Even with Smith in career-rebuilding mode, and he and Lawrence teaming up for the fourth time as these characters, the directors are adamant that the two actors still brought their A-game and their improvisatory style to the project. “These guys are just, like, timeless,” says Fallah. “What they have is magical chemistry that every time you see them—for us as directors, it’s just a blessing to work with these guys because they have so much to give, so much material, that it’s tough for us to make decisions about what we’re going to keep and what we’re not. I think they’re the best duo in cinema history.”
They certainly seem to be, for the moment, the last men standing in the once-inescapable “buddy cop” genre that proliferated at one time in films like Lethal Weapon and Rush Hour.
“In the ’80s and ’90s, there were so many of these movies; they were so popular and doing so well,” says El Arbi about the relative absence of the genre today. “So it’s a bit sad to see that you don’t have this anymore. At the same time, it’s good for us to be one of the last really—not only an action movie but an action-comedy. There are not a lot of comedies being made nowadays, and this is one of the best genres to see in a movie theater.”

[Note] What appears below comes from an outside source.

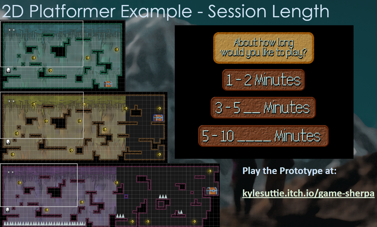 A large opportunity is being lost when players quit playing a game that they would otherwise enjoy. Most often players quit due to a game not respecting their time, a difficulty mismatch, or because they aren’t being rewarded for doing what they find fun. How can our games meet every player’s expectations when each player has unique requests? Like a Dungeon Master would curate a live group experience for the players in the room to enjoy, a Game Sherpa would adjust a game’s parameters to match a player’s specific expectations and requirements for each time they play to always find their fun.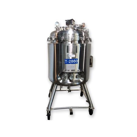 Used 316L Stainless Steel Jacketed Portable Reactor Holding Tank - 500L Capacity National Board Certified by Stainless Technology (NB #130) Tank has a 34" internal diameter and a 33" vertical straight side. Top dished cover is multi-ported and installed with a 24KW imersion heater. Cover is missing the hold down clamp bolts and o-ring gasket. Bottom dish is jacketed with bottom center drain (installed aseptic radial diaphragm valve). VESSEL: Material: 316L stainless steel Wall Thickness: 0.1874" shell; 0.3125"/0.1874" heads MAWP: 50PSI @ 350 F; MAWV: -15PSI @ 350 F

“This is something new for [younger audiences] because they didn’t see it in the ’80s and ’90s,” muses Fallah about the continuing appeal of the Bad Boys franchise. “So it’s definitely refreshing. And it’s just also grounded. It’s real action. It’s set in Miami, so you got the Miami flavor, you got the hip hop music, you got the Latino music, all the cultural aspects that are now really popular are in this franchise.”
If Bad Boys: Ride or Die hits with those audiences the way Bad Boys for Life did, then the ideas are already percolating for a fifth and even sixth Bad Boys film. “There are always multiple ideas in every direction,” says El Arbi. “It’s a Bad Boys movie, so we kind of know a little bit better what the audience wants to see or doesn’t want to see.”
Bad Boys: Ride or Die opens in theaters on June 7.